We now describe the location of earth via $x(t)$ and $y(t)$ in Cartesian coordinates, using the standard unit vectors $\hat{i}$ and $\hat{j}$. With this description, the acceleration vector is,

\[ a = \frac{d^2x}{dt^2} \hat{i} + \frac{d^2y}{dt^2} \hat{j}. \]

Now since,

\[ r = \sqrt{x^2 + y^2} \qquad \text{and} \qquad r' = \frac{x}{|r|} \hat{i} + \frac{y}{|r|} \hat{j}, \]

we get a system of second order ordinary differential equations:

\[ \left\{ \begin{align*} \frac{d^2x}{dt^2} &= -\frac{M\, G\, x}{~~r^{3}},\\ \frac{d^2y}{dt^2} &= -\frac{M\, G\, y}{~~r^{3}}. \end{align*} \right. \]

This system has an explicit ellipsoid solution.

We also expect the total energy $E$ to be conserved where $E = T(t) + V(t)$ with the kinetic energy satisfying $T(t) \propto \|v(t)\|^2$ and the potential energy satisfying and $V(t) \propto -1/r(t)$. Here "$\propto$" indicates "proportional to". Here $v(t)$ is the velocity vector comprised of $v_x(t)$ and $v_y(t)$ with,

\[ v_x = \frac{dx}{dt}, \qquad \text{and} \qquad v_y = \frac{dy}{dt}. \]

With such an explicit solution and the invariant of conservation of energy, we can now evaluate the performance of the various numerical schemes and their parameters. To do so, we also convert the system into the ODE form presented above (converting it from a second order ODE to a first order one).

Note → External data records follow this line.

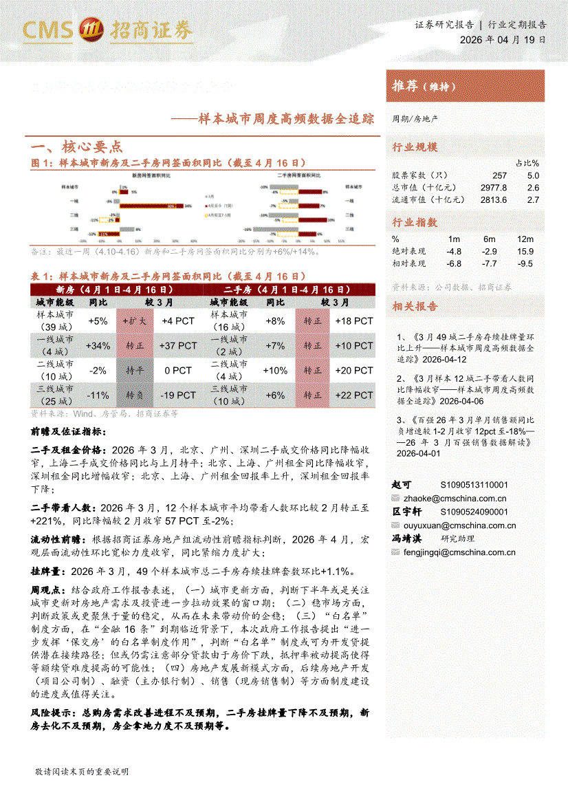 房地产行业:招商证券-房地产行业样本城市周度高频数据全追踪:3月推盘未售去化周期较2月上升-260419
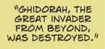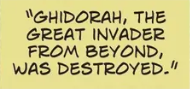 King Ghidorah was originally an extraterrestrial monster controlled by the Xiliens as part of their invasion force to conquer Earth. However, the invader was eventually killed in ancient Rome by the combined forces of Godzilla, Mothra, Rodan, and Hedorah, the latter being a defective Xilien probe. King Ghidorah would go on to inspire tales of the Hydra, presumably told by those who witnessed the battle in Rome.
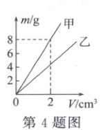 4. (2025·琼海期末)如图是甲、乙两种物质的 m-V 图像,下列说法正确的是(
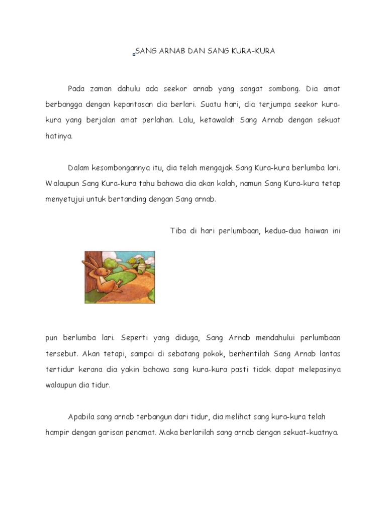 Flashcards in arnab dan kura kura deck (43). A short stop motion animation featuring afiq and luq. posted by unknown at 6:24 am. Posted by nuur aini at 11:07 pm. Hikayat sang kancil dan monyet. Perlumbaan ini akan menentukan siapa lebih pantas. You can create one as well, really easily.get started. Azma shahira binti ahmad ppg/20455/11 wan maszatul laili bt meor rohidi ppg/20452/11 zaitun bt md.rashid ppg/20451/11. Pada zaman dahulu, dipercayai bahawa binatang boleh berhubung antara mereka. Terdapat seekor arnab yang sombong dan bangga dengan kepantasan dirinya. Bila saya rasa selesa dengan 'kejayaan' sedikit, saya akan alpa dan 'tidur'. Cerita arnab yang sombong dan kura kura yang penyabar sebuah filem negara malaysia yang ditayangkan di tv suatu. Add to my workbooks (0) add to google classroom add to microsoft teams share.
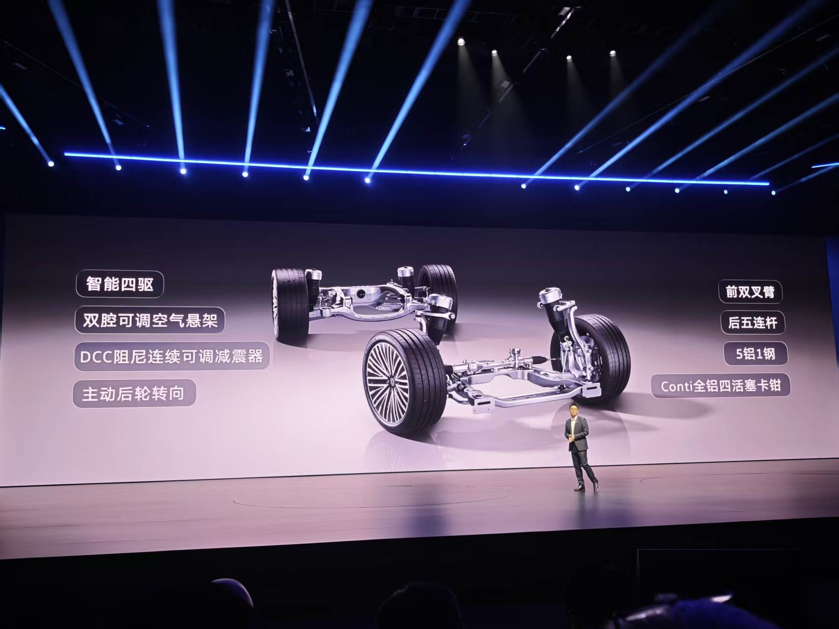 而大众,作为百年车企,在底盘调校、安全品质上的积淀,是新势力短期内无法超越的。ID.ERA 9X的行云智能底盘,采用前双叉臂、后五连杆独立悬架,大量使用铝合金材质,兼顾强度和轻量化;主动后轮转向功能,让这台5.2米长的大型SUV,转弯半径比Polo还小,市区泊车、窄路会车都很灵活;双腔空气悬架和DCC电控减振系统,每秒数百次调节,提前15米识别路面坑洼,过滤90%以上的颠簸,老人孩子坐着不晕车。

This is done by representing the state vector $u(t)$ with $d=4$ as $v_x(t)$, $v_y(t)$, $x(t)$, $y(t)$. Thus,

\[ \left\{ \begin{align*} \frac{dv_x}{dt} &= -\frac{M\,G\,x}{~~r^{3}},\\ \frac{dv_y}{dt} &= -\frac{M\,G\,y}{~~r^{3}},\\ \frac{dx}{dt} &= v_x, \\ \frac{dy}{dt} &= v_y. \end{align*} \right. \]

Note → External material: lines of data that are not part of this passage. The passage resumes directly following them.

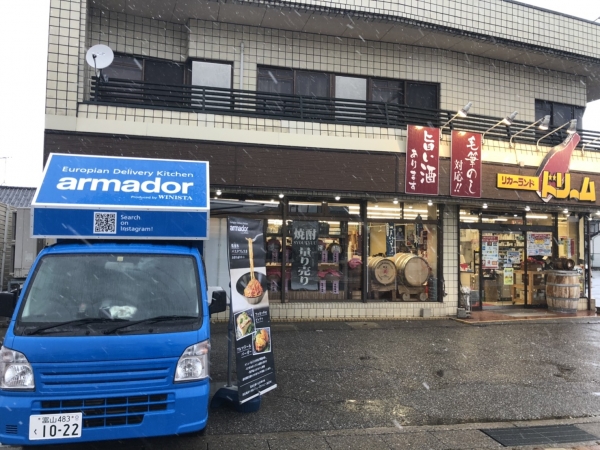 雪が降り続く天候でしたが、キッチンカーアルマドールがデビューしました。
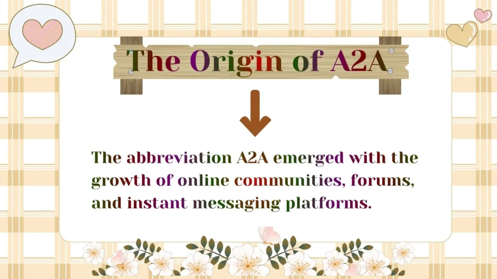 The abbreviation A2A emerged with the growth of online communities, forums, and instant messaging platforms. Initially popularized in Q&A websites, it has since spread to professional emails, texting, and social media. Its simplicity makes it ideal for fast communication.
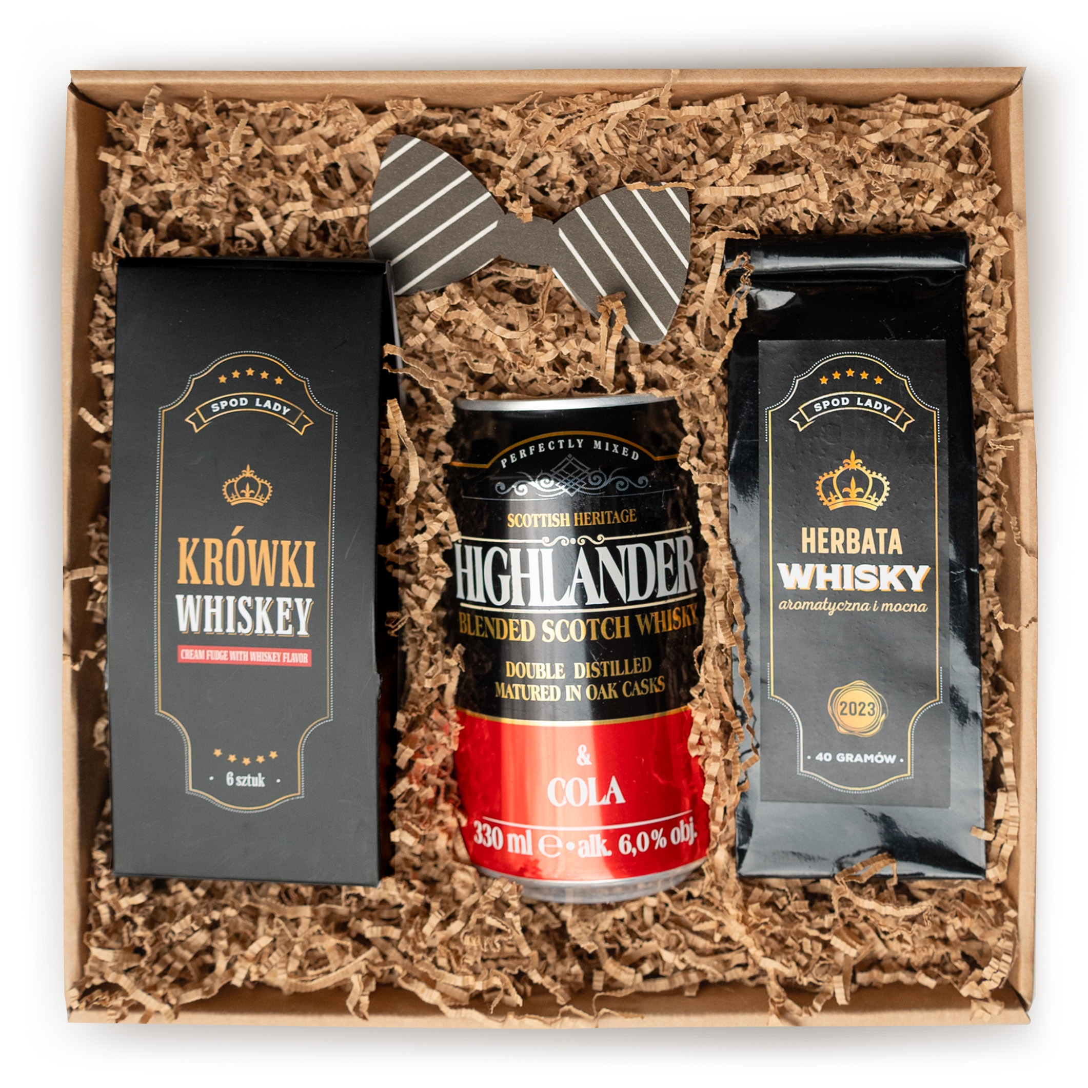 Zestaw Szkocka & Cola to prawdziwa uczta dla miłośników unikalnych doznań. Najważniejszym puntem kraftowego kartonika jest drink w puszce Highlander Whisky & Cola lub Jack Daniels z colą (do wyboru). Obok niego znajduje się zestaw krówek o intensywnym smaku whisky, wykonanych z najwyższej jakości składników. Aby podkreślić męski klimat, dołączyliśmy herbatę o aromacie whisky.

The following code specifies the function df_dt_one_body which is the RHS for this ODE. The other four one line functions are convenience accessors to the state variables.

#These four convenience functions extract the state variable from the state vector
#It is assumed the layout of the vector u is u = [v_x, v_y, x, y]
state_v_x(u::Vector{Float64}) = u[1]
state_v_y(u::Vector{Float64}) = u[2]
state_x(u::Vector{Float64}) = u[3]
state_y(u::Vector{Float64}) = u[4]

"""
Computes the RHS for the one body problem. 
"""
function df_dt_one_body(u::Vector{Float64}, t::Float64)::Vector{Float64}
    M, G = 1, 1 #We take these constants as normalized. Naturally they would need to be set for physical values.
    r = sqrt(state_x(u)^2 + state_y(u)^2)
    return [-M*G*state_x(u)/r^3, -M*G*state_y(u)/r^3, state_v_x(u), state_v_y(u)]
end;

Once you use it to obtain a solution on a time vector t and a state (vector of vectors) u, a function such as plot_solution below can be used to plot the solution, also allowing you to use a title for the plot and a label for the series:

using Plots, Measures

function plot_solution( t::AbstractArray{T}, 
                        u::Vector{Vector{Float64}}; 
                        title::String = "",
                        label::Union{String, Bool} = false) where T
    x, y, v_x, v_y = state_x.(u), state_y.(u), state_v_x.(u), state_v_y.(u)
 
    #"Energy"
    r = @. sqrt(x^2 + y^2)
    E = @. 0.5*(v_x^2 + v_y^2) - 1.0/r

    p1 = plot(  x, y, label = label, xlabel= "X", ylabel = "Y",
                title = title*" (position)", aspectratio=1,legend=:topleft,ylim=(-7,7))
    scatter!([0], [0], ms=15, msw=0, c=:orange, shape =:star, label="Sun")
    scatter!([x[1]], [y[1]], ms=5, msw=0, c=:blue, shape =:circle, label="Earth initial position")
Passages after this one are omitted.